Marché de Telecoms à Nouakchott.DR
Après plusieurs semaines de tensions, un compromis a été trouvé sur les taxes de dédouanement des téléphones mobiles en Mauritanie, avec des taux fortement réduits et des mesures pour régulariser les appareils.
Après plusieurs semaines de tensions et de négociations intenses, les autorités mauritaniennes et les commerçants de téléphones mobiles ont conclu ce samedi 21 mars un accord de compromis concernant la réforme du dédouanement introduite par la loi de finances initiale pour 2026.
La réforme, initialement critiquée pour son poids fiscal, 30 % pour les smartphones et 12 % pour les modèles classiques, prévoyait un contrôle numérique renforcé via une plateforme en ligne, permettant la régularisation à distance des appareils et le blocage des lignes non déclarées. L’objectif officiel : lutter contre la contrebande, moderniser le secteur et sécuriser les recettes de l’État.
Ces mesures avaient provoqué des manifestations début mars à Nouakchott et Nouadhibou, menées par des vendeurs informels dénonçant un fardeau fiscal excessif et une formalisation forcée du secteur. L’Union des commerçants de téléphones avait mobilisé ses membres pour contester ces dispositions.
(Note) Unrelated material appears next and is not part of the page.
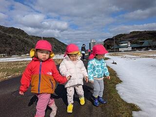 今日は小学校までお散歩に出かけました。雪が所々残っており、雪を踏みながら感触を楽しみました。降り始めの雪に比べて少し硬く、踏んでみると、サクっと音がしてそれが楽しい子ども達。小学校にはたくさんの雪が残っており、握って雪玉にして投げてみたり、雪が固まって小さな山になっている所を登って楽しみました。
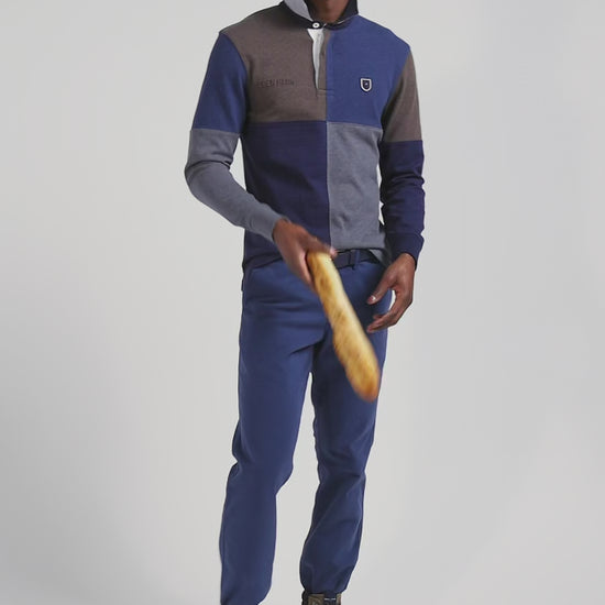 Discover our colorblock cut and sew jersey, a daring piece in which four colors come together in harmonious dial stitching. Available in two shades, light blue and dark mottled blue, this long-sleeved, straight-cut jersey offers a dynamic, modern design, ideal for an original, contemporary look.

Les négociations avec la Direction générale des douanes, entamées il y a une semaine, ont permis d’aboutir à un allègement significatif des taxes, avec des taux désormais compris entre 3 % et 5 %, selon la catégorie de l’appareil.
L’accord prévoit également :
– La suppression de l’obligation de déclaration du numéro IMEI à l’entrée des téléphones, assortie de garanties
– La régularisation simplifiée via la plateforme numérique avant la mise sur le marché
– Une exonération partielle pour les stocks existants, permettant aux commerçants de mettre leurs appareils en conformité sans pénalités.
Dans ce nouveau dispositif, les citoyens sont appelés à acheter uniquement des téléphones déjà dédouanés, sans supporter eux-mêmes les taxes. L’Union des commerçants de téléphones a affirmé qu’elle prendra en charge les frais de dédouanement, précisant que les appareils actuellement disponibles sur le marché sont considérés comme conformes.
Elle a également indiqué que les messages précédemment envoyés aux citoyens via le système IMEI ont été annulés, tout en insistant sur le fait que la contrebande de téléphones en dehors du cadre légal ne sera plus tolérée. Selon elle, la réduction des droits de douane contribue désormais à faciliter la conformité fiscale des importateurs et commerçants.
Ce compromis équilibre les recettes de l’État et le pouvoir d’achat des consommateurs, tout en apaisant les tensions et en renforçant l’organisation du marché des télécoms en Mauritanie.